The kingdoms of life in the county of Durham
Let’s start with a dry stone wall covered in lichens. I
could give you the names of the various species or I could leave you to enjoy
the beauty of their artistry (i.e. it was freezing cold and I forgot to even
take a close look at them). Let’s call them a fungus for the purpose of this
blog.
The wall was one of the highlights of a small tour today in
the countryside near Durham, just south of Newcastle in northern England. (I'm posting these pictures and notes as I return to London by train on Saturday night from the British Phycological Society meeting in Newcastle.)

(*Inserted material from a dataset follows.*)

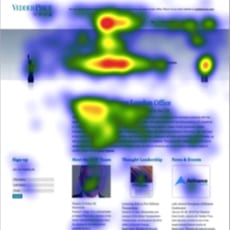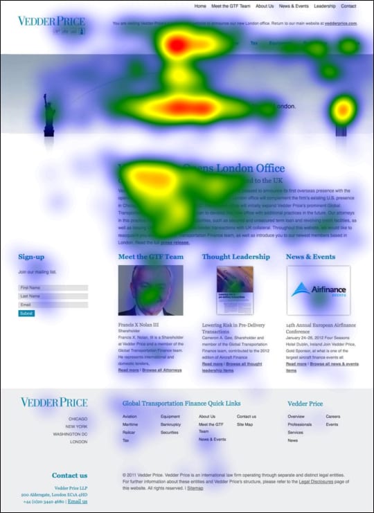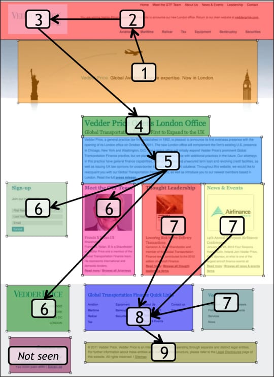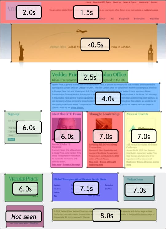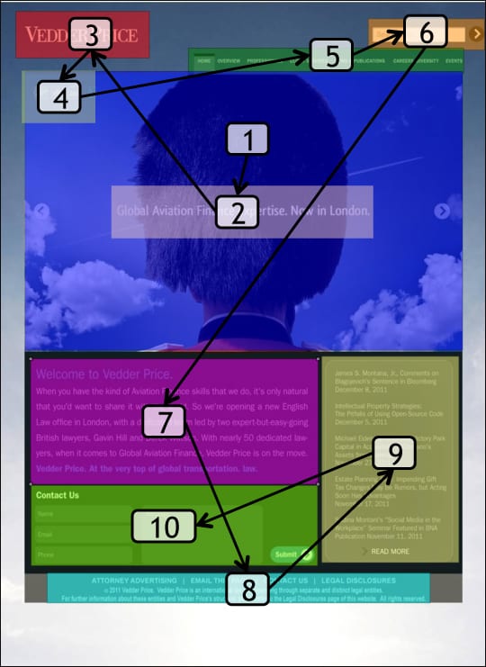 In both layouts the firm name is the third place viewers’ eyes go. In the “Icons” design, the important content headline, “Vedder Price’s New London Office” is the fourth visual point, and viewers spent 2.5 seconds reading it, then spent 4 seconds scanning the supporting News paragraph – another good result. In contrast, in the “Hats” layout, the actual information we want site visitors to remember is not noticed until the seventh Fixation Point. This layout takes a bit too long to get to the real information, and we risk losing the viewers before they learn what we want them to know.

The main reason for the trip was to collect a red alga from
the top of the River Wear, which runs through Durham. Unfortunately Lemanea was illusive. Still Wearhead is
where it grows and you can be sure this member of the Rhodophyta (red algae) is
in there somewhere.
Also photographed here were two Homo sapiens. Our local guide
and freshwater algal expert from Durham University, Brian Whitton, and Marina
Aboal from Spain, another freshwater algal loving human.
Then on to icy cold Cow Green Dam. Here we experienced some breathtaking
landscape and weather in what is reputedly the most flowering-plant-species
diverse area in England. But bugger all in flower at the moment.
We did see lots of a blackish, compact moss that gets a lot
of attention in these parts, Gymnostomum.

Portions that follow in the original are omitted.